Now this was a fearful brick, for it was not so many years since the Duke of Denver had himself stood his trial on a mistaken charge of murder. There was a ghastly silence, broken by the Duchess, who said icily: “Really, Captain Bates!”
“What? eh? Oh, of course, I mean to say, I know mistakes do happen sometimes, but that’s a very different thing. I mean to say, this woman, with no morals at all, that is, I mean -”
“Have a drink, Tommy,” said Lord Peter, kindly. “You aren’t quite up to your usual standard of tact today.”
“No, but do tell us, Lord Peter,” cried Mrs.

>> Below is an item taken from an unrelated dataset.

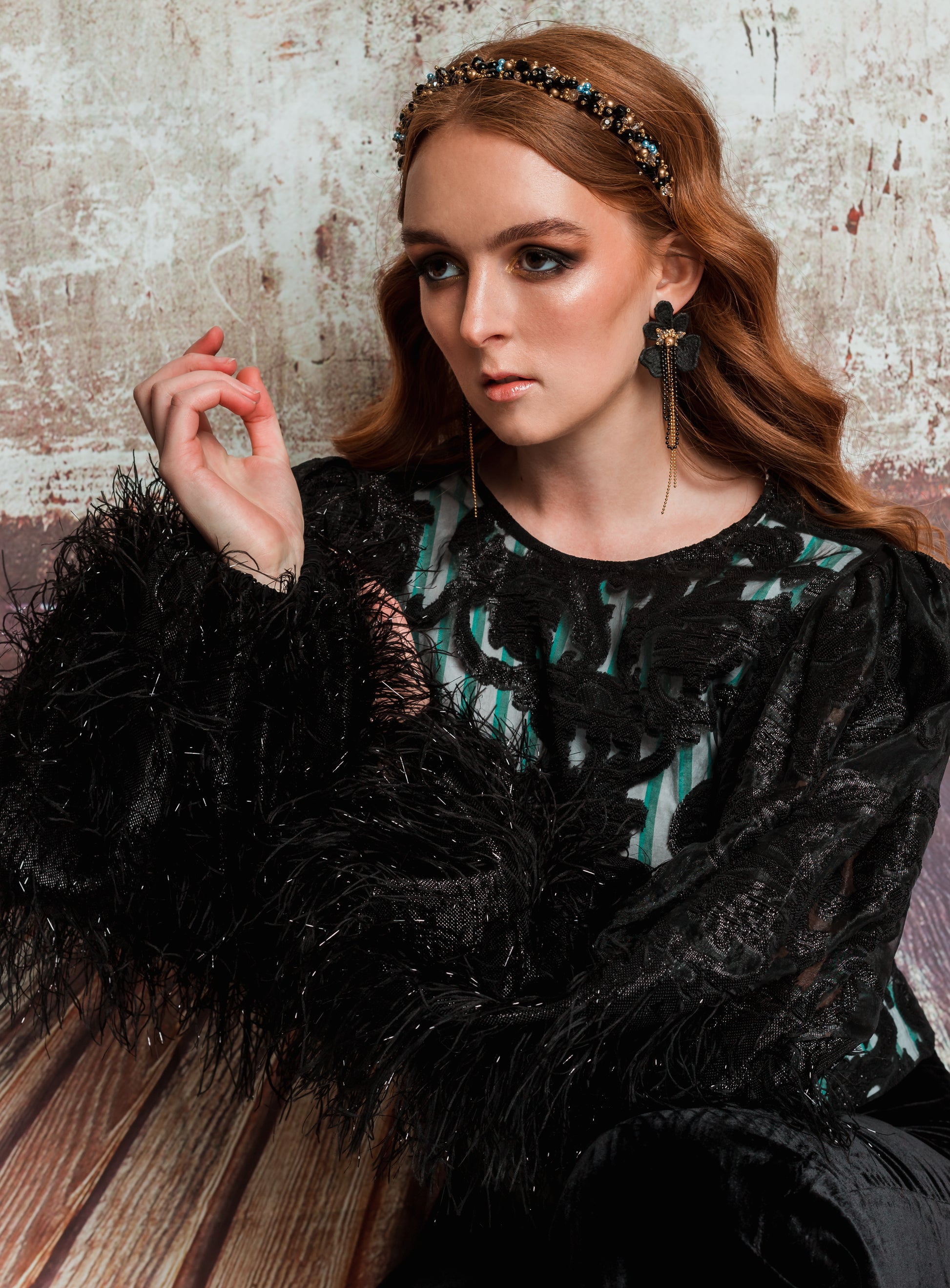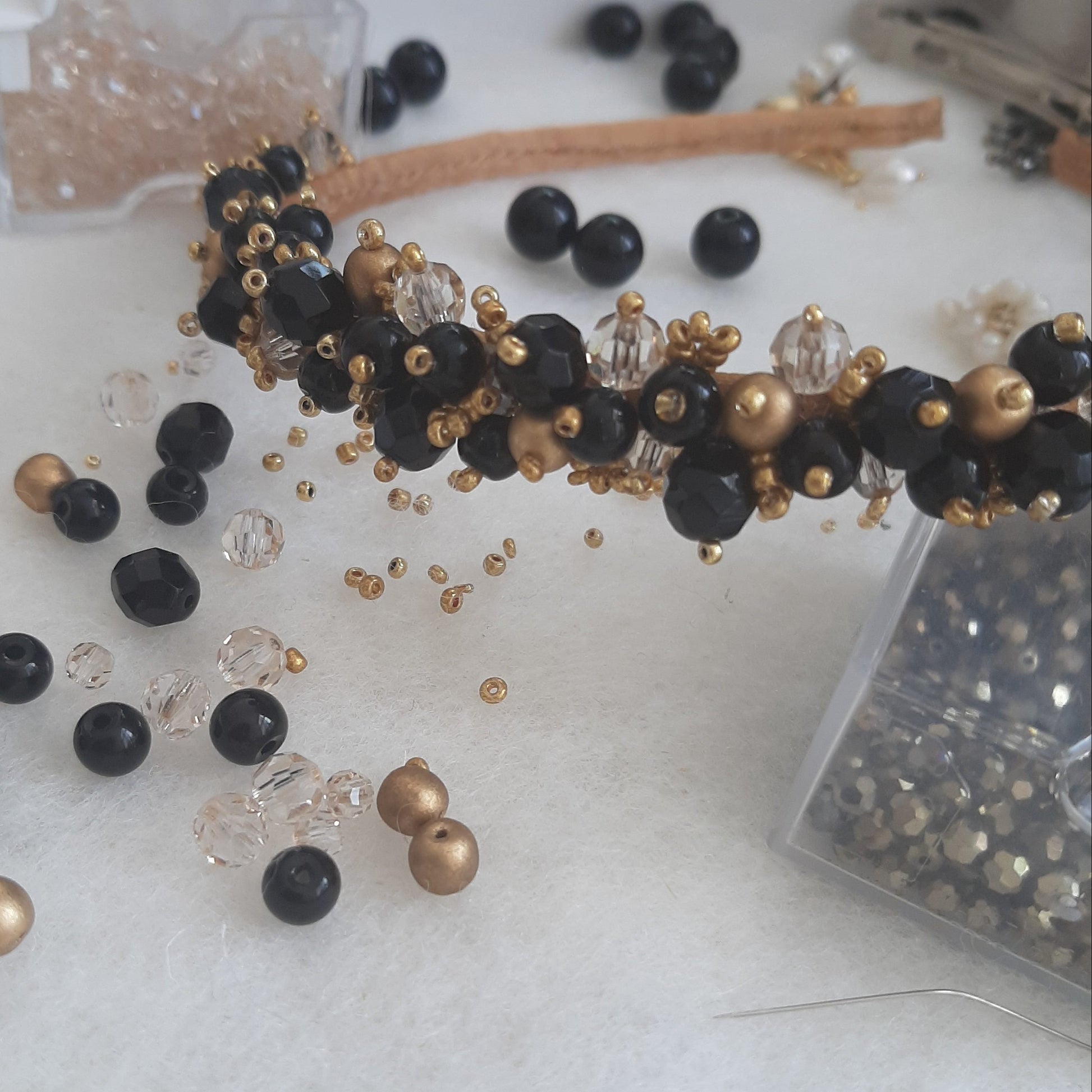 Ash - black, honey crystal, gold and a touch of blue beads handmade headband

Dimsworthy, “what the creature is like. Have you talked to her? I thought she had rather a nice voice, though she’s as plain as a pancake.”
“Nice voice, Freakie? Oh, no,” said Mrs. Featherstone. “I should have called it rather sinister. It absolutely thrilled me, I got shudders all the way down my spine. A genuine frisson. And I think she would be quite attractive, with those queer, smudgy eyes, if she were properly dressed. A sort of femme fatale, you know. Does she try to hypnotise you, Peter?”
“I saw in the papers,” said Miss Titterton, “that she had had hundreds of offers of marriage.”